Poet David Ferry Wins National Book Award

"Bewilderment: New Poems and Translations" by Distinguished Scholar in Residence Ferry includes original poetry and translations of Latin verse

Poet David Ferry, a Distinguished Scholar in Residence at Suffolk University, has won the 2012 National Book Award in poetry for Bewilderment: New Poems and Translations.

Ferry’s book, a collection of his own poems and translations of the Latin verse of Horace and Virgil, was praised by the judges for its “grace and profundity, spiritual wisdom and utilitarianism."

The National Book Award was established in 1950. It is administered by the National Book Foundation and recognizes American authors annually in four categories, fiction, nonfiction, poetry, and young people’s literature.

Ferry received the award at a ceremony in New York on November 14. “I was honored to be in the company of such good poets, and humbled and delighted to learn that I won the award,” he said.

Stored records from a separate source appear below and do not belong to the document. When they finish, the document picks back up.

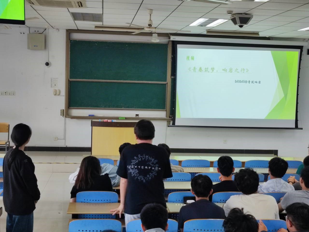 本次活动由测工二班的武蒙婉主持,通过抽选同学提问的方式,让在场的同学深刻体会到社会实践的重要性与必要性。在提问过后,本次活动邀请了孙菀心,杨昊等同学进行了交流分享,接着在活动中播放了两个视频,介绍了感动中国人物——杨宁同志带领苗乡人致富脱贫的故事,以及重庆大学几位同学在假期所做的社会实践活动,在视频播放期间同学们都有认真观看,视频结束后,同学们都若有所思,深有感悟,认识到了社会实践活动对社会存在的特别意义。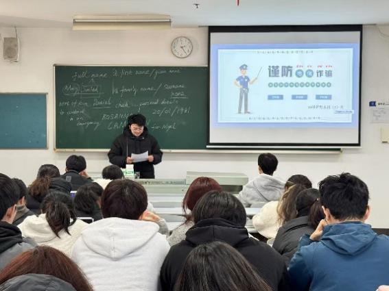 班级治保委员在主题班会上开启反诈知识小课堂。他们精心收集资料,向同学们揭露刷单返利、冒充熟人诈骗、网络交友诱导赌博投资等常见诈骗手段。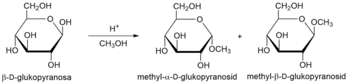 Reakcí anomerní hydroxylové skupiny s alkoholem v kyselém prostředí vznikají glykosidy.[9][32] Tato reakce je analogická tvorbě acetalu z poloacetalu, glykosidy tedy můžeme označit za acetaly monosacharidů. Formálně je v glykosidech nahrazen vodík anomerní hydroxylové skupiny alkyl- nebo arylskupinou. Tuto necukernou část glykosidu nazýváme aglykon. Glykosidace je jedna z nejdůležitějších reakcí monosacharidů a glykosidy jsou v přírodě hojně rozšířeny zejména v rostlinách.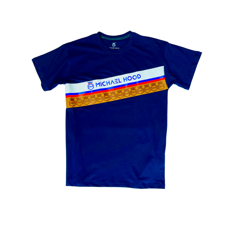 Five Colors Printed Logo Designs On Navy Blue Tee And Short Set MICHAEL HOOD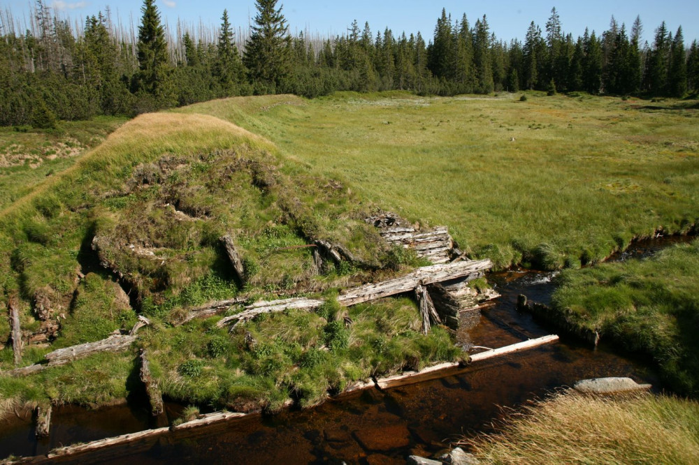 Protržená hráz vodní nádrže u Roklanské chaty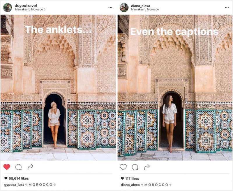 2018年10月16日Jack Morris和Lauren Bullen是一對熱愛旅行的情侶,他們常常在IG上分享自己的旅行經歷。在IG上擁有超高人氣的他們發現了一件超「詭異」的事,有人在偷偷模仿他們的旅拍作品。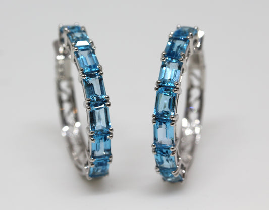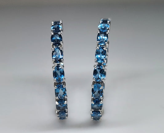 Blue Topaz Gemstone Hoop Earrings Sterling Silver #432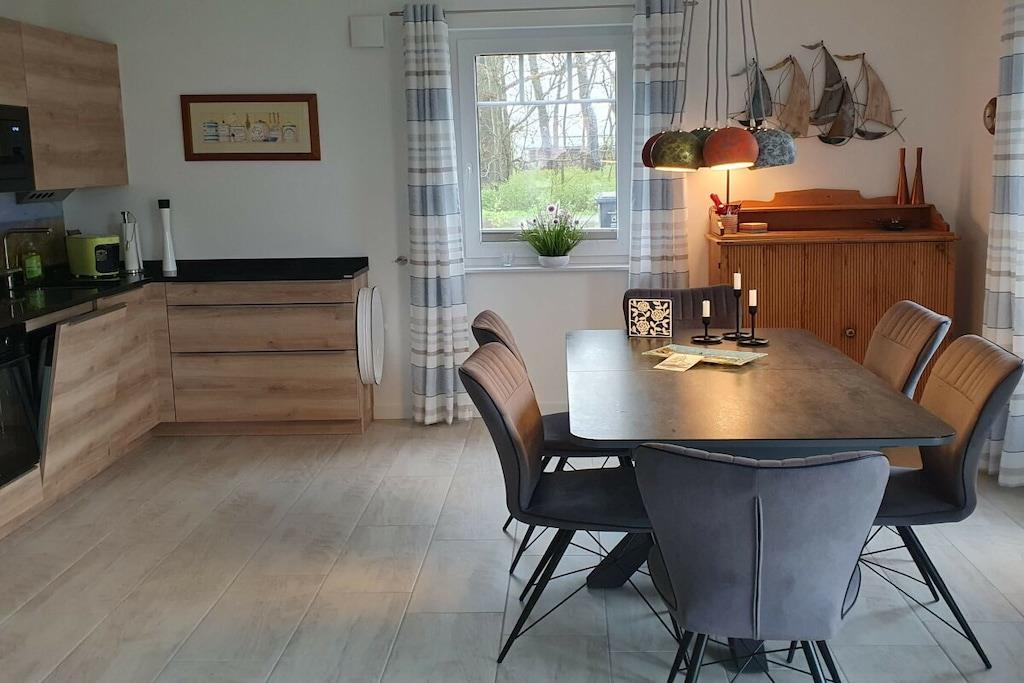 Nybygget feriehus med stråtag og tre soveværelser i udkanten af naturreservatet Üselitzer Wiek på den sydlige del af øen Rügen. Üselitzer Wiek-bugten ligger kun omkring 200 meter væk. Langt fra højhushotellerne og de typiske badebyer oplever du Rügen i sin uspolerede form. Beliggende i hjertet af et europæisk fuglereservat har du mulighed for at observere sjældne og beskyttede fuglearter (skarver, traner, fiskehejrer, havørne, grågæs og mange flere) i deres hvile- og ynglesæson. Omgivelserne byder på fred og ro, hvilket sikrer en afslappende ferie.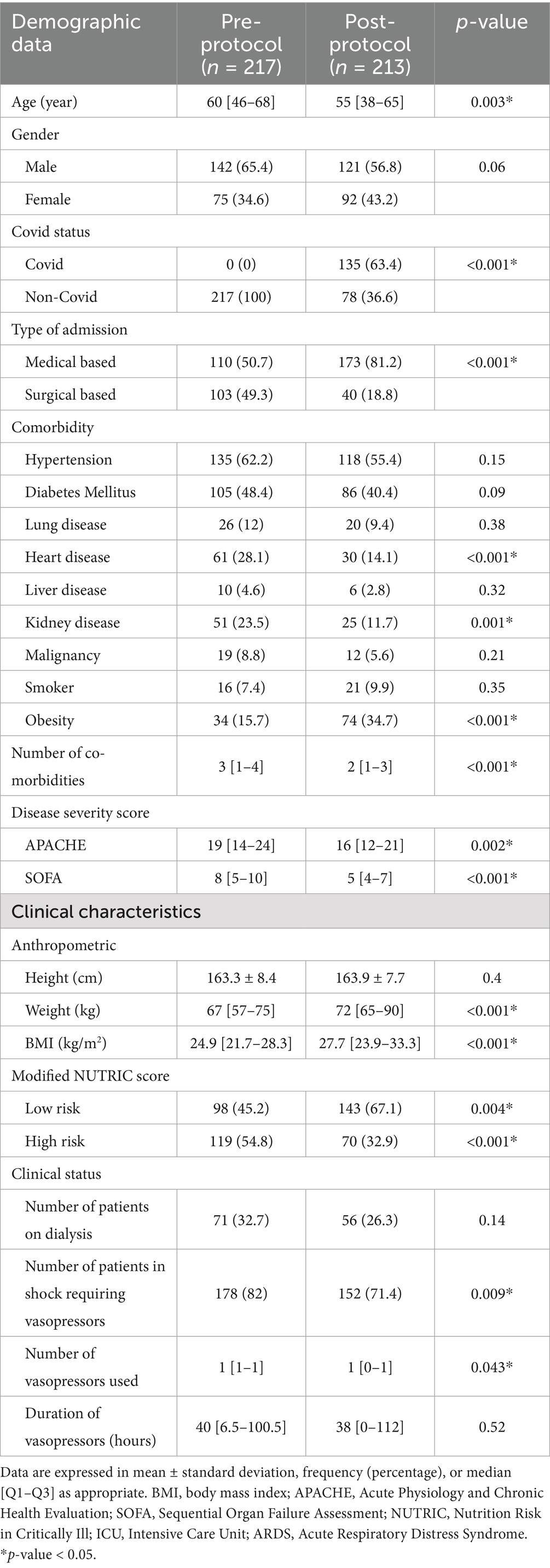Our study identified that those in the pre-protocol phase were older, had a larger risk of malnutrition, and were more ill upon ICU admission. They were also diagnosed with a greater number of concomitant co-morbidities, and the majority presented in a shock state, which could describe the higher disease severity score in the pre-protocol group. Our ICU is a mixed model that equally caters to medical and surgical admissions; however, the surge of COVID-19 cases in 2021 resulted in a significant increase in the number of available beds for critically ill COVID-19 patients, a reduction in the admission numbers for other medical and surgical patients, and the reallocation of these critically ill patients to other critical care areas. This shift in the patient’s profile contributed to the observed demographic differences. Obesity was detected in 70.7% of our COVID-19 patients. Zhang et al. (35) demonstrated that obesity was associated with an increased likelihood of presenting with severe COVID-19, developing ARDS, and admission into the intensive care unit, which could explain the significant proportion of COVID-19 patients with obesity and ARDS status upon ICU admission in the post-protocol group. Despite these baseline imbalances, subgroup analysis within the intergroup demonstrated that factors such as APACHE II score, admission type, and NUTRIC score were not associated with nutritional adequacy. To further assess the robustness of the results, multivariable linear regression analysis was conducted to evaluate the association between protocol implementation and nutritional outcomes. This approach was essential to reduce the bias in the interpretation of the protocol’s effect. After adjustment, protocol implementation remained significantly associated with earlier initiation of EN, an increase in nutritional adequacy, and reductions in both FI duration and energy deficit. Overall, these findings highlight that the observed improvements in nutritional characteristics could be attributable to the protocol, rather than due to differences in baseline characteristics, supporting the positive impact of structured and protocolized nutrition delivery, even in complex and evolving ICU populations.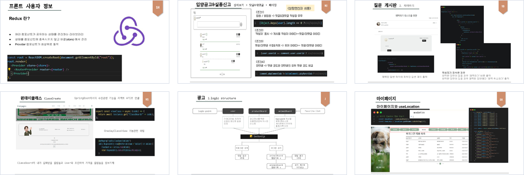 Front-End : HTML & CSS, ES6, React, Redux, Router, StyledComponents Back-End : SpringBoot, JPA, QueryDSL, MySQL Tool : Visual Studio Code, IntelliJ, GoogleDrive, Slack, Github |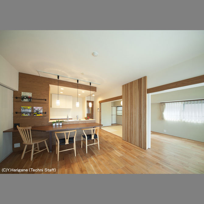 ここに住まう事を決めたご夫婦は、安全、安⼼と安らぎのある家がご希望でした。無機質なコンクリートと鉄筋で頑丈に造られたマンションだからこそ、内部は本物の⽊や⾃然素材を多く使い、場所も、⼈も呼吸がしやすい空間を⽬指しました。また、これからの⼦供たちの成⻑、家族の変化を考え、作り込まず、可変性のある間取りとしています。家族を⾒守り、家族とともにこれからも成⻑していく家です。 閉じる

Ferry has taught seminars on classics and translation in Suffolk University’s English Department since 2009. He also is a regular guest lecturer in poetry and creative writing classes, and he gives readings of his works at the University’s Poetry Center.

In 2011 he received the Ruth Lilly Poetry Prize, which recognizes the extraordinary lifetime accomplishments of a living U.S. poet.

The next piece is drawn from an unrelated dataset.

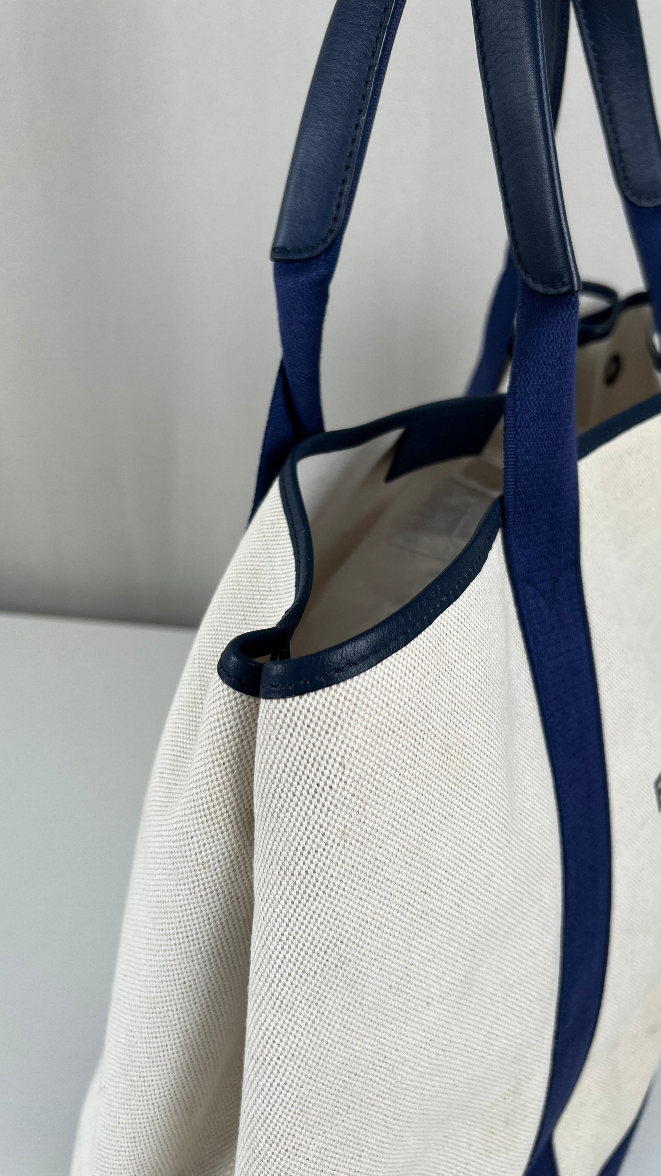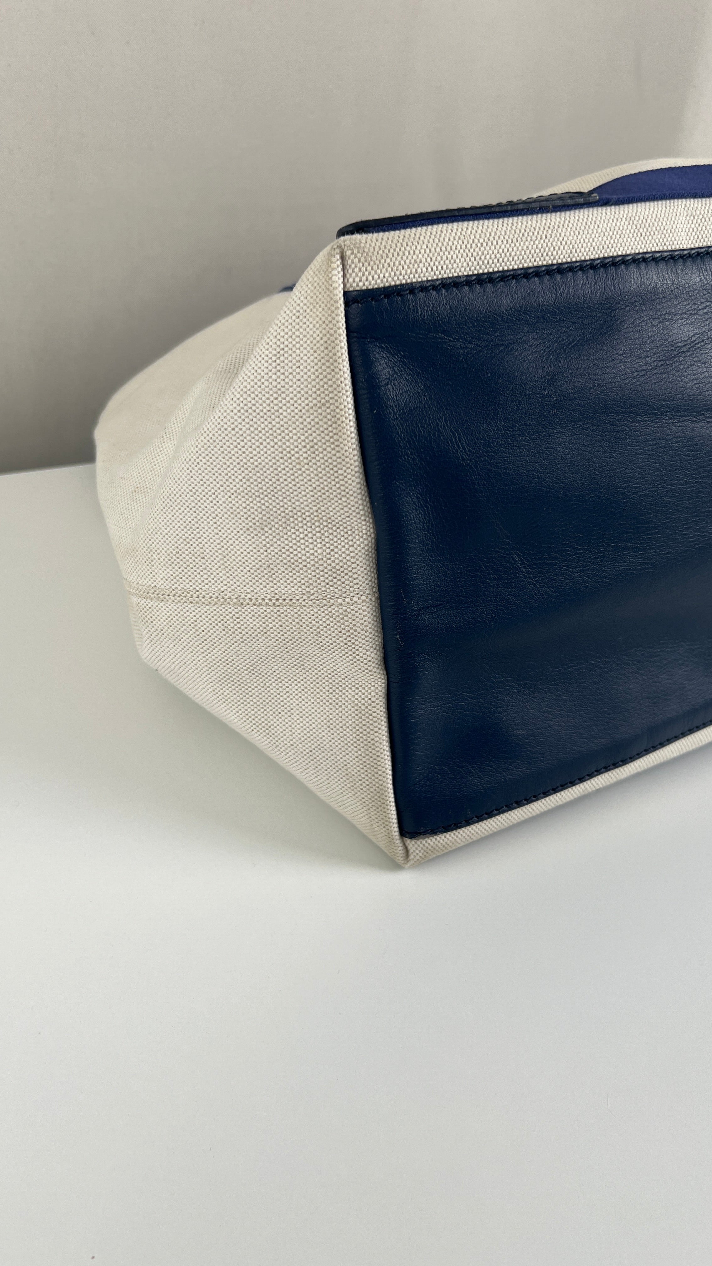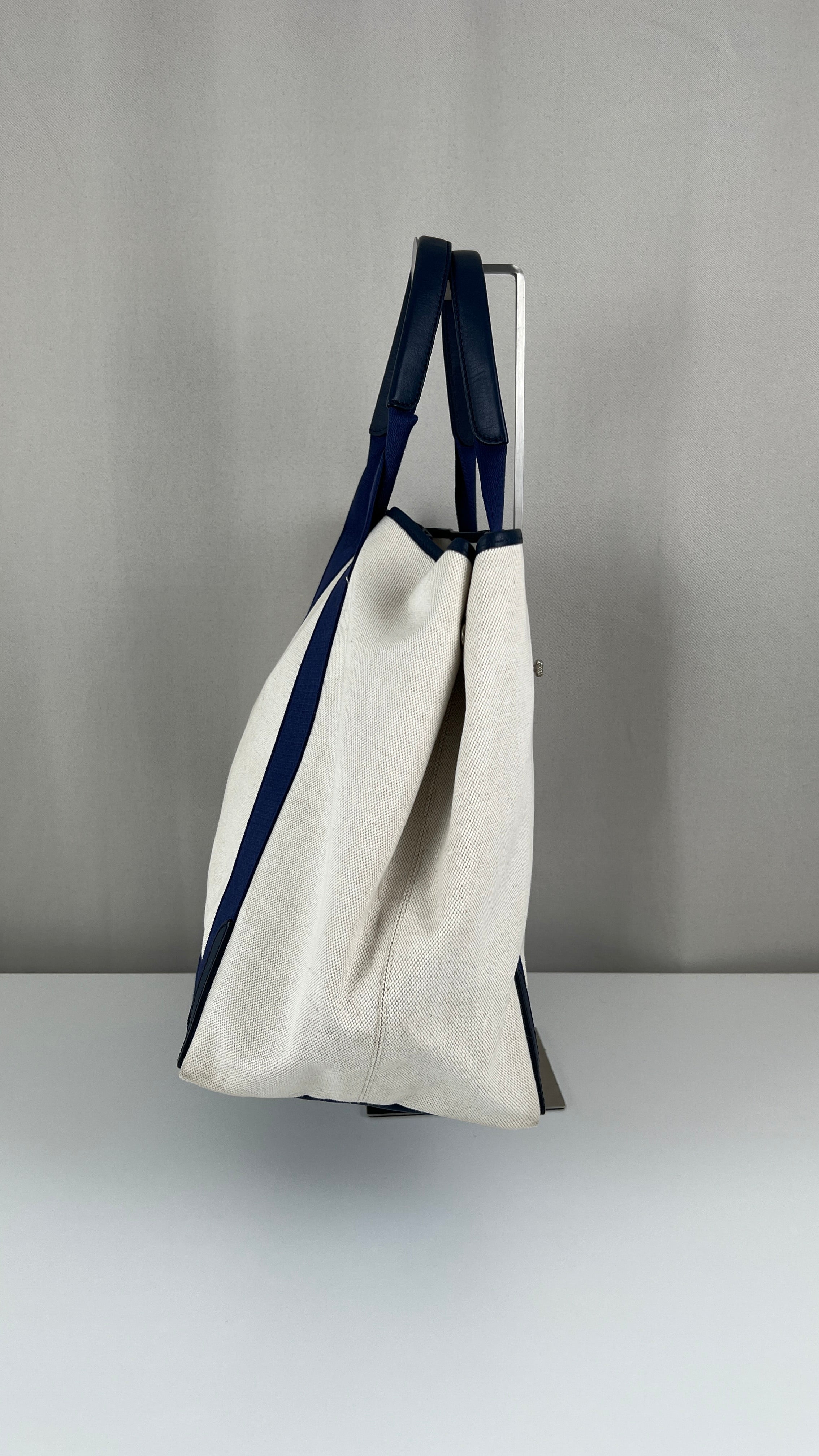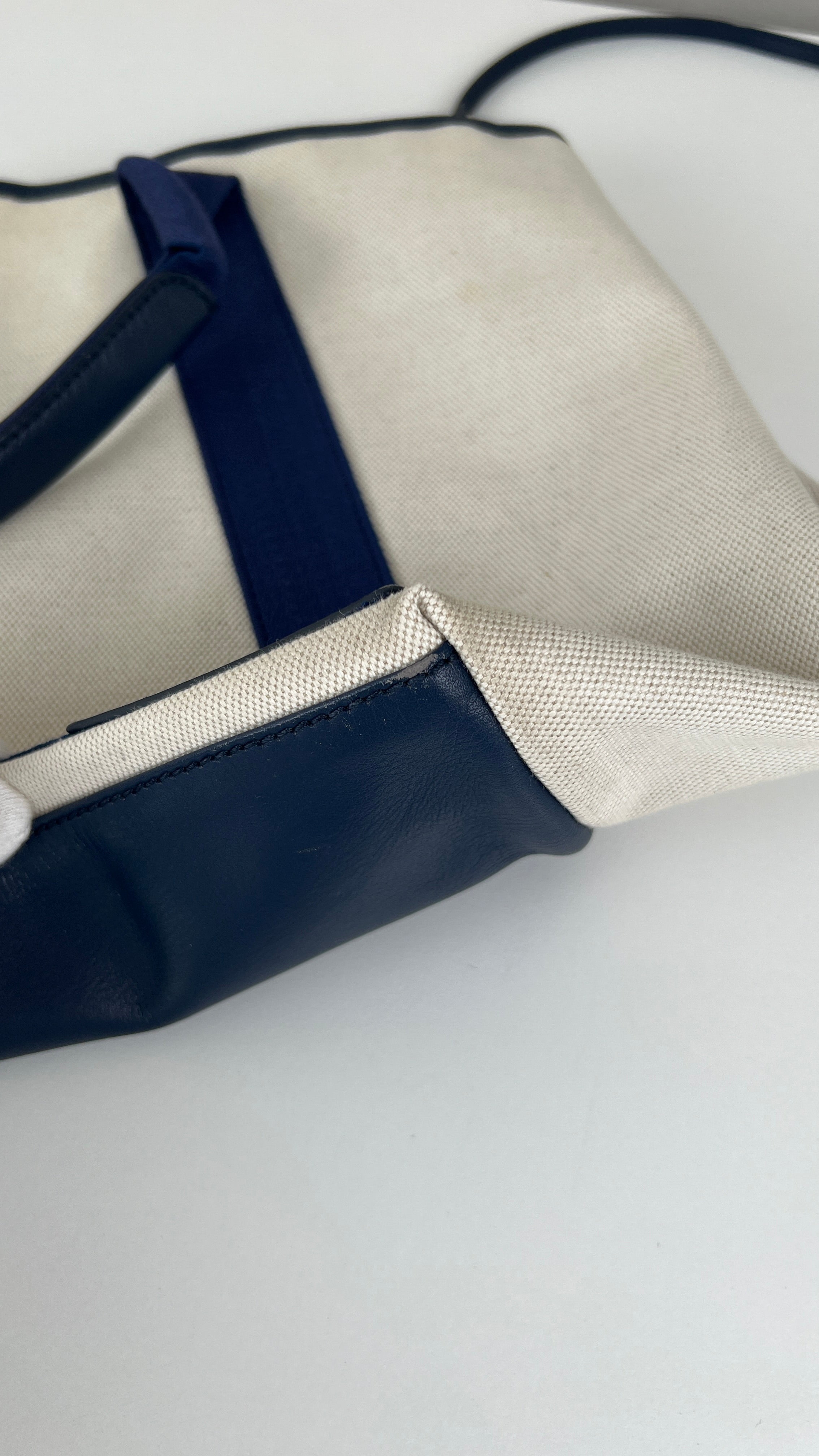 This Balenciaga Navy Big Cabas is in good / very good condition. The cotton canvas is in very good condition, very little trace of wear very natural. The corners are in good condition, a little bit rubbed. The handles are in very good condition and are in leather. There are little stains inside. You can largely fit a computer inside. Bottom of the bag is in leather, little trace of wear almost not.

“Suffolk is extremely fortunate to have one of the nation’s most talented poets and accomplished scholars on our faculty,” said Kenneth S. Greenberg, dean of the College of Arts and Sciences. “Our students eagerly sign up for his classes and feel privileged to engage with him in the classroom.”

Ferry’s books of poetry and translation include His Epistles of Horace: A Translation; Of No Country I Know: New and Selected Poems and Translations; The Eclogues of Virgil; The Odes of Horace: A Translation; Dwelling Places: Poems and Translations; Gilgamesh: A New Rendering in English Verse; Strangers: A Book of Poems; On the Way to the Island; and The Limits of Mortality: An Essay on Wordsworth's Major Poems.

Over the course of his career, Ferry has received many awards and fellowships, including a John Simon Guggenheim Fellowship, the Lenore Marshall Poetry Prize from the Academy of American Poets, the Rebekah Johnson Bobbitt National Prize for Poetry from the Library of Congress, and an Academy Award for Literature from the American Academy of Arts and Letters.

Ferry will read poems and translations from Bewilderment at 7 p.m. Thursday, Dec. 6, at Suffolk University’s Modern Theatre, 525 Washington St., Boston.